-------- Data supplied --------

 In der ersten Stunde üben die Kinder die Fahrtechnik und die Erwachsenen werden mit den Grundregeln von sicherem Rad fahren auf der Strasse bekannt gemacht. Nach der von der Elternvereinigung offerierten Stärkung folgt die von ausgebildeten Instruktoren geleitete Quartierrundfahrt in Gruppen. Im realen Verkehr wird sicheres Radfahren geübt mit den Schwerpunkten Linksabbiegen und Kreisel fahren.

--------
-------- Data supplied --------

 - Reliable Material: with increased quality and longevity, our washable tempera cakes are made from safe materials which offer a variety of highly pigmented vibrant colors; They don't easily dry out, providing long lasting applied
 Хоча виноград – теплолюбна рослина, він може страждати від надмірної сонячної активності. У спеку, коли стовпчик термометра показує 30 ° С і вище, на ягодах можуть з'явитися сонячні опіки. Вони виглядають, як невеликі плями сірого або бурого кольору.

--------

Work instructions: Only the lines above starting at the one containing "- Reliable Material: with" and ending at the one containing "Хоча виноград –", both included, are to be returned, exactly as they read.

Result of this exercise:
 - Reliable Material: with increased quality and longevity, our washable tempera cakes are made from safe materials which offer a variety of highly pigmented vibrant colors; They don't easily dry out, providing long lasting applied
 Хоча виноград – теплолюбна рослина, він може страждати від надмірної сонячної активності. У спеку, коли стовпчик термометра показує 30 ° С і вище, на ягодах можуть з'явитися сонячні опіки. Вони виглядають, як невеликі плями сірого або бурого кольору.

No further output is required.